More investigation showed that:

double x = f(); assert(x == f());

failed as well and I started to get worried. It’s true that floating point numbers aren’t equal to themselves if they are NaNs, but that didn’t seem to be the case here. Also, the assertion didn’t fail for code that had been optimized.

Some years ago I did some work on code generation for the 387 FPU and then we had trouble with rounding – test programs for the 387 would produce slightly different results than for other architectures like MIPS and Sparc. IEEE754 is pretty precise about how rounding should be done so this seemed a bit strange until we realized that the 387 uses 80-bit precision internally, with rounding to 64 bit doubles only happening when transferring data from the FPU to memory (FISTP and friends). There is a flag to set the internal rounding mode to double precision and once we had set that we got consistent results on all architectures.

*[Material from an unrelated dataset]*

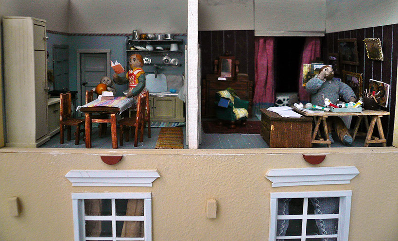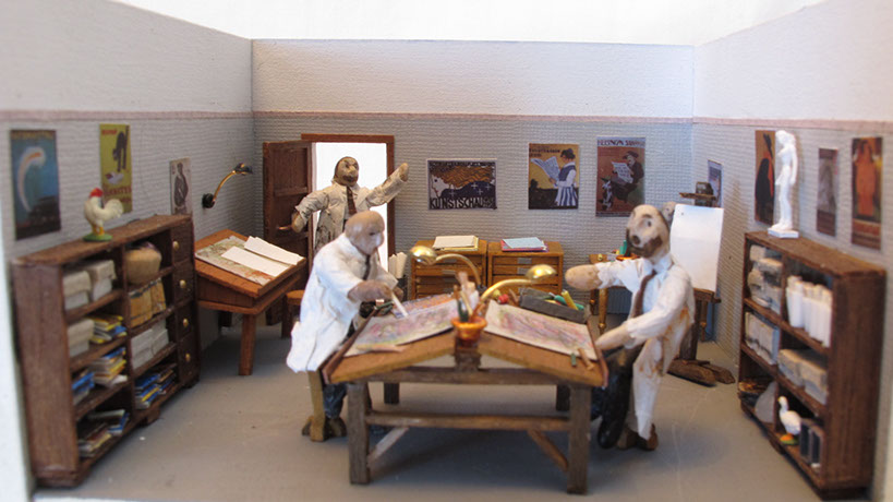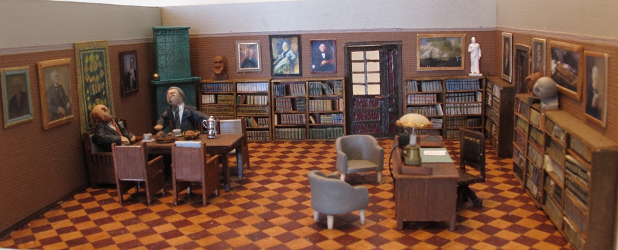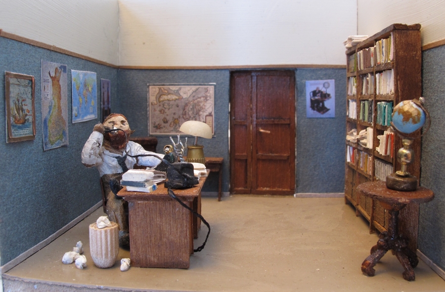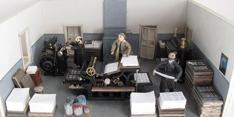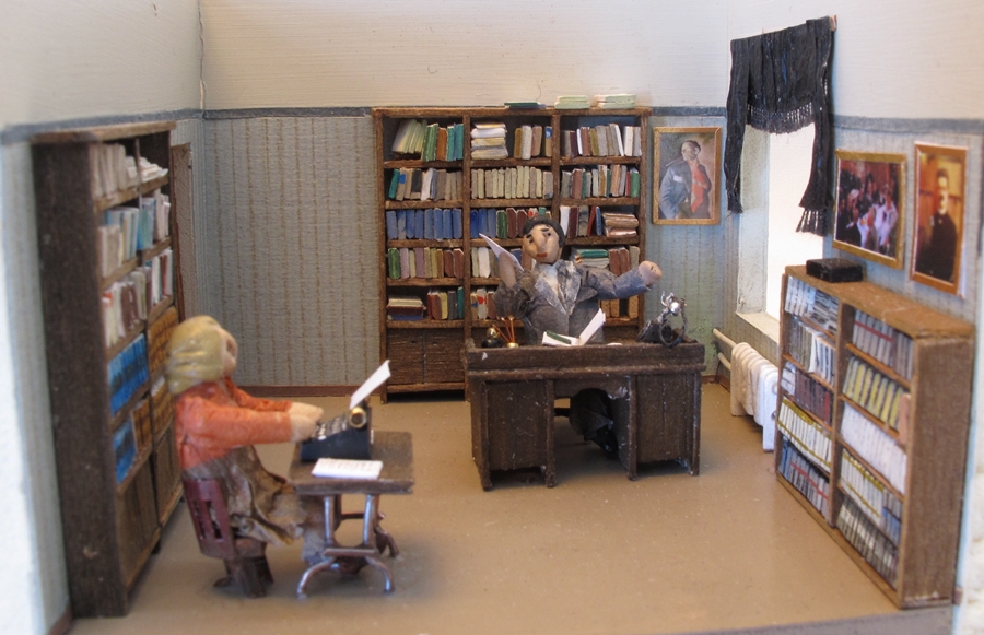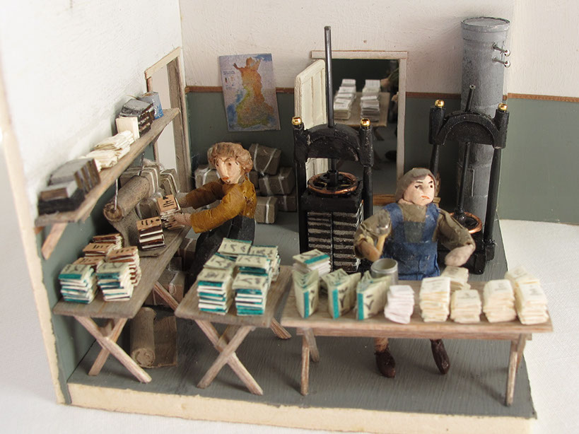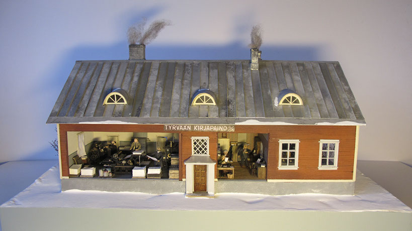 Kuinka kirja syntyy? Siihen vastaa viiden pienoismallin sarja, johon kuuluu kirjailijan talo, kuvittajan kaupunkiasunto, kääntäjän saaristolaismökki, suuri kustannustalo (Otava) ja kirjan lopullinen toteuttaja painotalo, tässä mallina pieni Tyrvään kirjapaino. Mallit ajoittuvat 1920-luvulle ja kokonaisuus on rakennettu Suomen kirjainstituutin Pukstaavi-museoon Sastamalassa.

Looks like something similar is happening here and a look at the disassembly confirms this:

call _Z1av fstpl 24(%esp) call _Z1av fldl 24(%esp) fxch %st(1) fucompp fnstsw %ax

The first result of calling a() gets written out to memory as a double, hence is rounded, but then it’s reloaded but compared to the unrounded result from the second call.

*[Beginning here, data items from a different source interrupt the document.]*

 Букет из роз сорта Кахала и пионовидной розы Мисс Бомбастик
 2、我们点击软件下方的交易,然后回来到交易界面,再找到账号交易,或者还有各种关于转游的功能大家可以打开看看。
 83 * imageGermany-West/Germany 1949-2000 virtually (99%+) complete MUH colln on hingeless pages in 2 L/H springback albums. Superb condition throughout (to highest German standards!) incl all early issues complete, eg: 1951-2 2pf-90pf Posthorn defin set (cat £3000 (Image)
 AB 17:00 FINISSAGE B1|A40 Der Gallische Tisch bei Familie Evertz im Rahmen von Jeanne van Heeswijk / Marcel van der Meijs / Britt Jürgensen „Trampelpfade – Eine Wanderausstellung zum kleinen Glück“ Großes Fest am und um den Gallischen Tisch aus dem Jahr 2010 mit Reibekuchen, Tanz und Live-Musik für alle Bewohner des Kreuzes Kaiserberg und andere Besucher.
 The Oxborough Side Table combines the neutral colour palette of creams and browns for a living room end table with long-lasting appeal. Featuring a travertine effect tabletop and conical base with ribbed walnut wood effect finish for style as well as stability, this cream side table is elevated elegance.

Investigating further exposes more interesting behaviour:

#include <stdio.h> #include <math.h> #include <assert.h> int main() { double x,y,z; int a; x = 1.0; while (x != 0.0) { y = x; x /= 2; } a = y > 0; printf("%.40Lg\n", (long double)y); printf("%d\n", a); printf("%.20g\n", y/y); printf("%.40Lg\n", (long double)y); x = 1.0; y = nextafter(x,2.0); z = (x+y)/2.0; printf("%d\n", z > x && z < y); x = 0.5; while ((z = sqrt(x)) != x) x = z; y = x; while ((z = x*x) != x) x = z; printf("%.40Lg\n%.40Lg\n", (long double)x, (long double)y); }

Now we have completely different behaviour between optimized and unoptimized code:

`$ g++ -Wall fp.cpp`

$ ./a.out

4.940656458412465441765687928682213723651e-324

1

1

4.940656458412465441765687928682213723651e-324

0

1

1

Unoptimized, pretty much as expected, we iterate down to the smallest representable float, which we divide by itself and get 1. If we average one and the next number, we don’t get a number in between; and finally, if we iterate square roots, we eventually arrive at 1, and squaring that, just gives 1 again.

`$ g++ -O3 -Wall fp.cpp`

$ ./a.out

3.645199531882474602528405933619419816399e-4951

0

-nan

0

1

0

0.9999999999999999999457898913757247782996

Bah, we seem to have iterated right down to the smallest extended value there, but when we divide it by itself, we get a NaN – it seems to have been magically converted to zero, as confirmed by printing it out again (presumably the 387 register has been stored temporarily in memory, while we did the printf, and truncated to 64 bits on the way. Now, we are able to find a value between 1 and 1 + ε, and finally, our repeated square root function seems to converge on something slightly less that 1 and when we go back the other way, we end up at 0 instead.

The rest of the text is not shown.